Not so for the club's Dominican-born players.

Baseball is top of mind as they prepare, nerve-wracked, to watch four Blue Jays teammates - Jose Reyes, Edwin Encarnacion, Moises Sierra and Ricardo Nanita - and plenty more friends and fellow countrymen compete in Monday evening's semifinal against the Netherlands in the World Baseball Classic.

"It's going crazy," said Emilio Bonifacio. "Even my friends just keep talking about the Classic, everybody. We have a lot of good players so that's what we expect (to do well.")

Reliever Esmil Rogers predicts Monday will be one of the least productive days of the year in the island country.

"Every time the Dominican is going to play people stop working," said Rogers. "That's why I say people right now are crazy, it doesn't matter if you have to work you're going to watch the game."

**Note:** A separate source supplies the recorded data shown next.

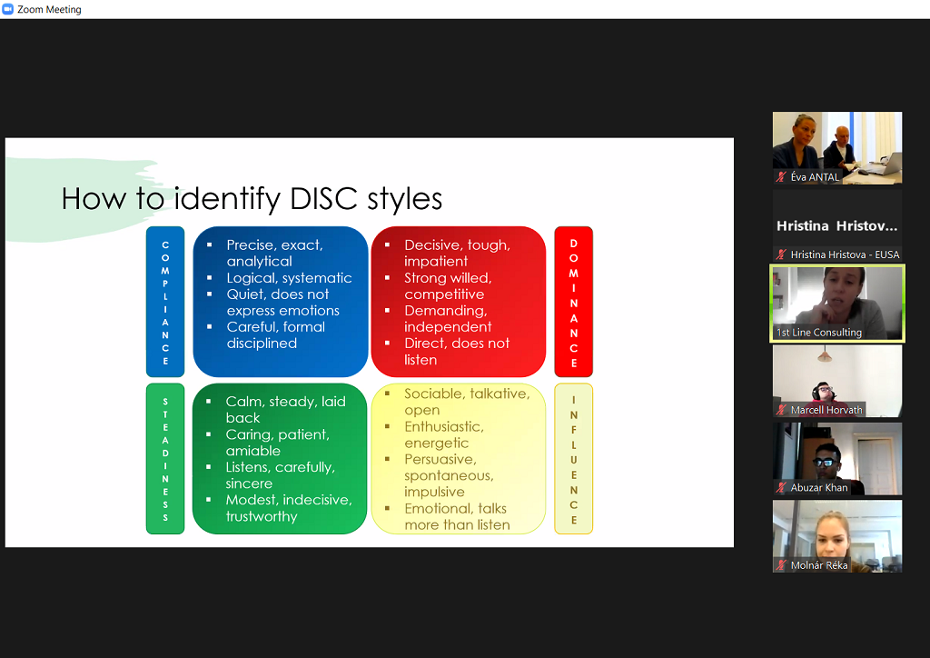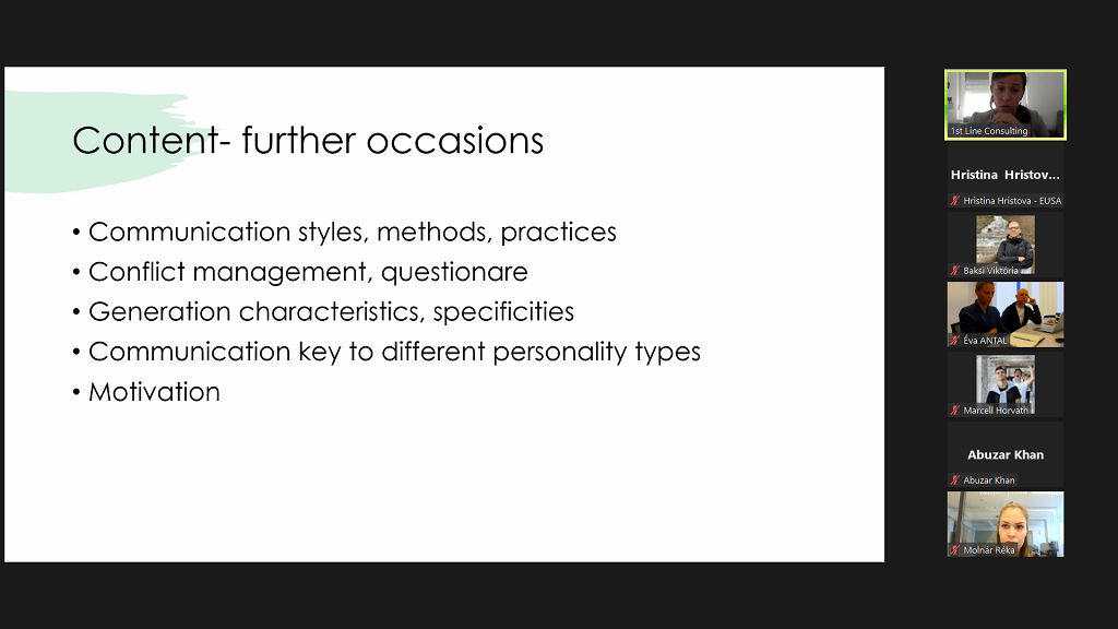 A 16-hour Effective customer service communication training course, accredited in the Hungarian adult education system took place online between October 21 and December 2. This training was conducted in English, having the participants meeting online through 5 sessions of the training. Six volunteers accepted the opportunity, so the training group of 10 people was filled with the future volunteer coordinators of the partner organizations. In this training EUSA was represented by Ms Hristina Hristova, EUSA Communication Officer.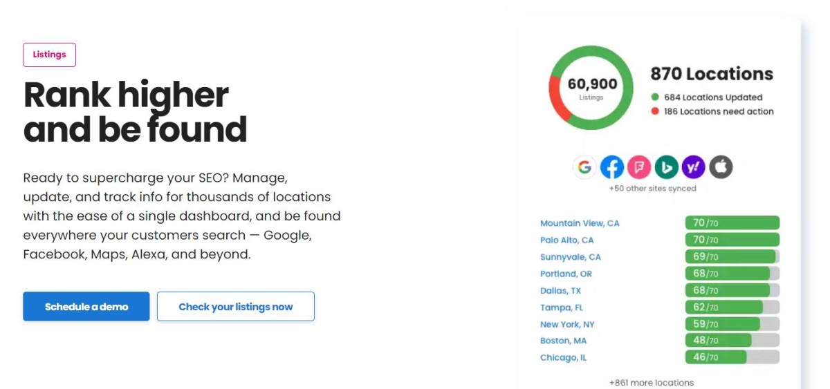 您无需支付订阅费或花钱租用本地列表; 相反,使用他们的 Yext 替换服务对主要站点进行全面清理和审核。 他们还提供额外的本地、城市或行业特定列表,以进一步发展您的业务。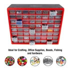Product details The 64 Drawer Storage Cabinet by Stalwart is an excellent organizational solution for your garage, home, or office. The container is portable and can be used on tables, countertops or desks, and is also wall mountable. Stalwart is committed to providing the consumer with the absolute best price and value on all our products, which we ensure by applying a rigorous quality control process. NOTE: This is an exclusive product of Stalwart and Only 64 Drawer Storage Cabinets by Stalwart to be genuine. IMPORTANT: Avoid buying counterfeit products and transacting with unauthorized sellers. Look for our logo on the packaging for every one of our products. Stalwart is a registered trademark protected by U.S. Trademark law and will be vigorously defended. IMPACT RESISTANT MATERIAL- Constructed from durable polypropylene, these storage drawers are made to last, and difficult to damage or break. The flexible and strong, see-through clear plastic drawers feature finger grip drawer pulls for easy opening. DESKTOP OR WALL MOUNTABLE- The storage box is portable and can be placed on any desk, table, or work surface. The sturdy plastic frame features keyholes on the back for convenient wall mounting in a closet, in a classroom, workshop or shed. MULTI-PURPOSE- With 64 compartments, this cabinet is ideal for storing and organizing everything from fishing tackle, office supplies, hardware like nuts, screws, and bolts, to crafting materials, beads, makeup, or jewelry. VERSATILE- These storage containers are perfect for any area of the house. Get one for your garage, office, kitchen, bathroom, or bedroom. It's the perfect organizational solution to keep accessories, pieces, or parts neatly stored and tidy. PRODUCT DETAILS- Material: Polypropylene. Overall Dimensions: (L)20 x (W) 6.25 x (H) 15.5, Drawer Dimensions (64 Each): (L) 2 x (W) 5.75 x (H) 1.5. 64 total drawers. More details Features Storage Brand Stalwart Manufacturer Part Number HW2200013 Assembled Product Weight 7.50 lbs Manufacturer Trademark Global LLC Color Red Assembled Product Dimensions (L x W x H) 20.00 x 6.25 x 15.50 Inches On Nov 21, 2024 at 01:58:17 PST, seller added the following information: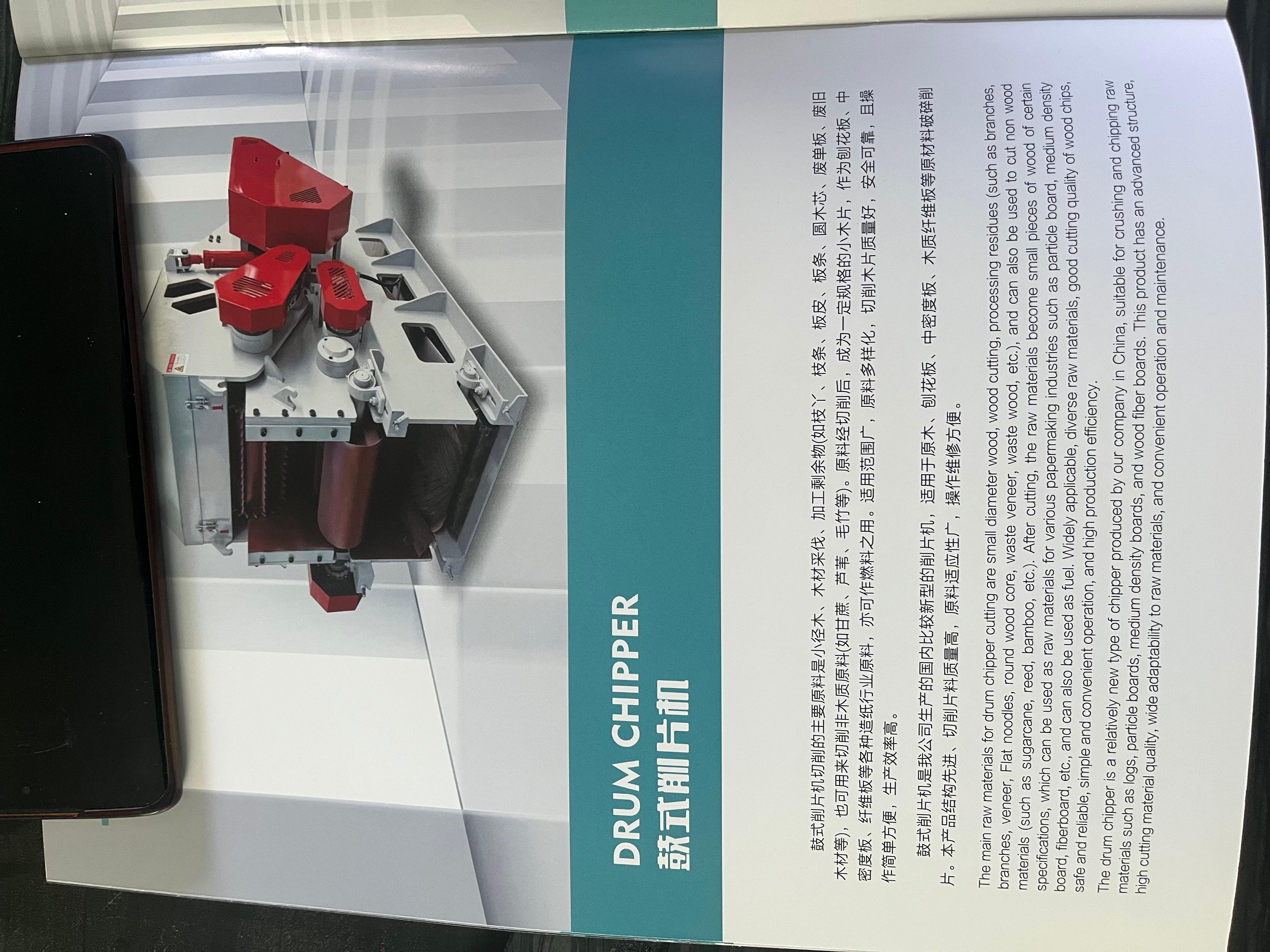 鼓式削片机也是公司的主打产品。鼓式削片机切削的主要原料丰富多样,包括小径木、木材采伐和加工剩余物,如枝丫、枝条、板皮、板条、圆木芯、废单板、废旧木材等,还可用来切削非木质原料,如甘蔗、芦苇、毛竹等。原料经切削后,成为一定规格的小木片,可作为刨花板、中密度板、纤维板等各种造纸行业的原料,亦可作燃料之用。它具有适用范围广、原料多样化、切削木片质量好、安全可靠且操作简单方便、生产效率高等特点。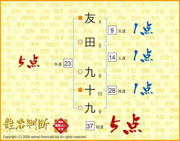 友田九十九さんの総運は37画の5点!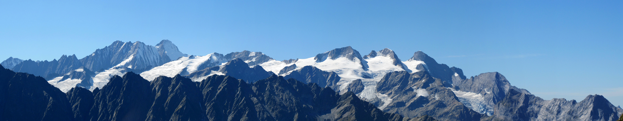 Breitbildfoto vom Gwächtenhorn, Chilchistock, Steinhüshorn, Triftgletscher, Furtwangsattel und Mährenhorn Datum 03.02.2017
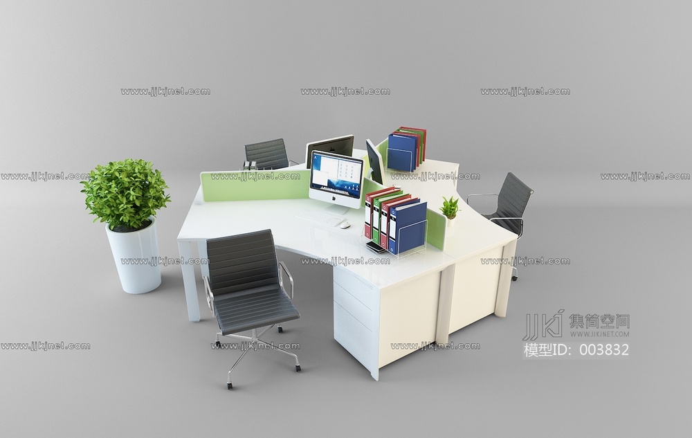 现代文员办公桌椅组合_白领员工办公桌办公椅_办公用品3D模型3d模型下载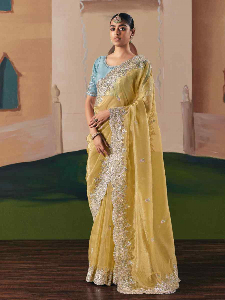 Color | Saree : Light Yellow Blouse : Sky Blue |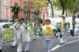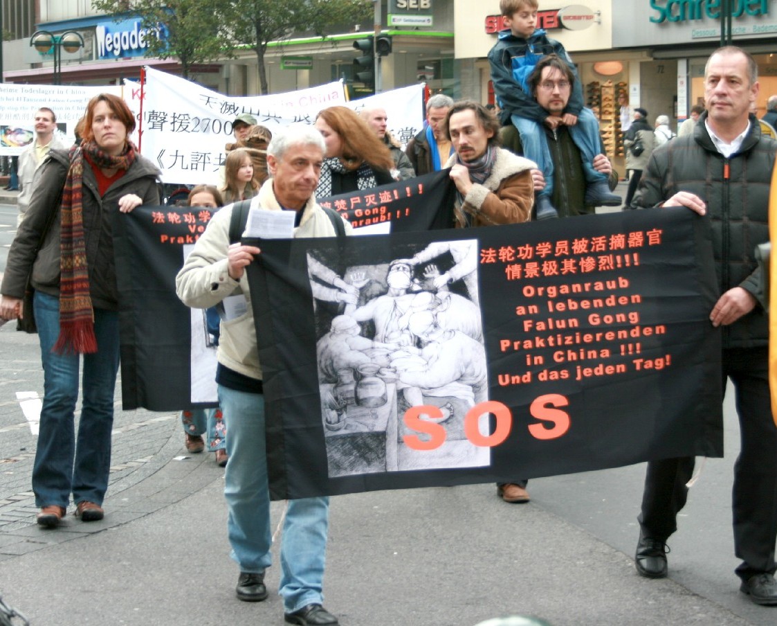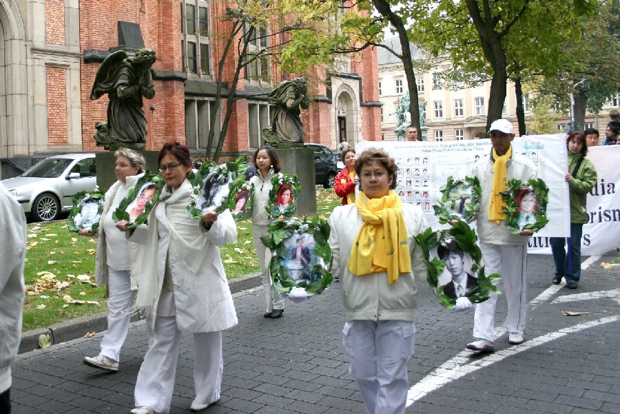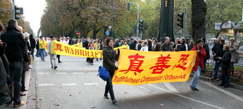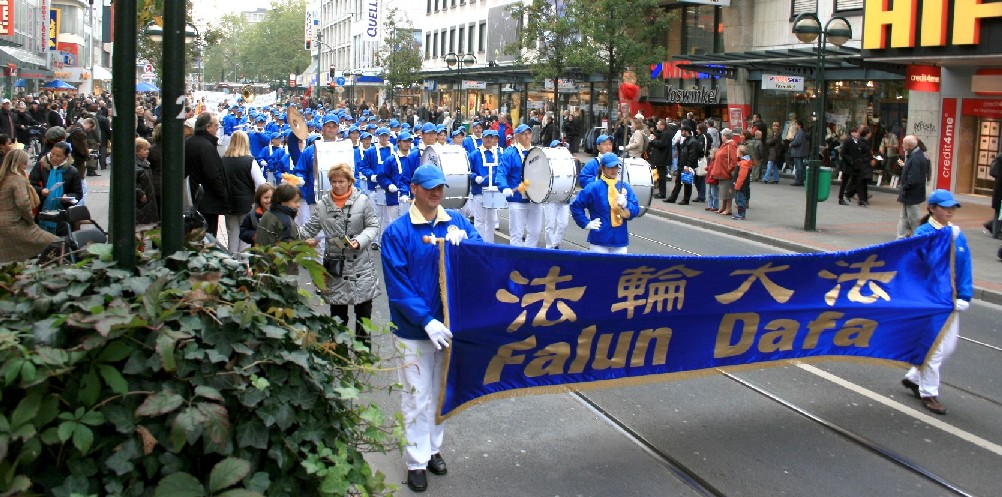 法轮功的游行队伍由欧洲天国乐团开道,包括“真善忍”横幅、揭露中共活体摘取法轮功学员器官的图片、介绍《九评共产党》和退出中共大潮、仙女队和腰鼓队等队形,在杜塞尔多夫最繁华的大街上举行了为时三个半小时的游行和集会。所到之处,人们无不驻足观看,不少人为天国乐团鼓掌叫好。很多人接到了传单,了解法轮功被迫害的真相,非常震惊。不少人签名制止中共迫害法轮功。

Like hockey in Canada, baseball is woven in to the Dominican Republic's cultural fabric. Players who've made it big in the major leagues are revered. Rogers cites the great Pedro Martinez as his hero - it's safe to say he's not the only young Dominican pitcher who feels that way. The Alou family; brothers Felipe, Jesus and the late Matty may as well be royalty. Moises, Felipe's son, is five years in to retirement and the current general manager of the Dominican Republic's WBC entrant.

Should the Dominican Republic advance to meet Puerto Rico in Tuesday's championship game, the nation may come to a brief, collective stall. There would be excitement from the row of lockers against the far wall in the Jays' room, where Jose Bautista, Melky Cabrera, Bonifacio, Rogers and veteran pitcher Ramon Ortiz have previously gathered to watch the games.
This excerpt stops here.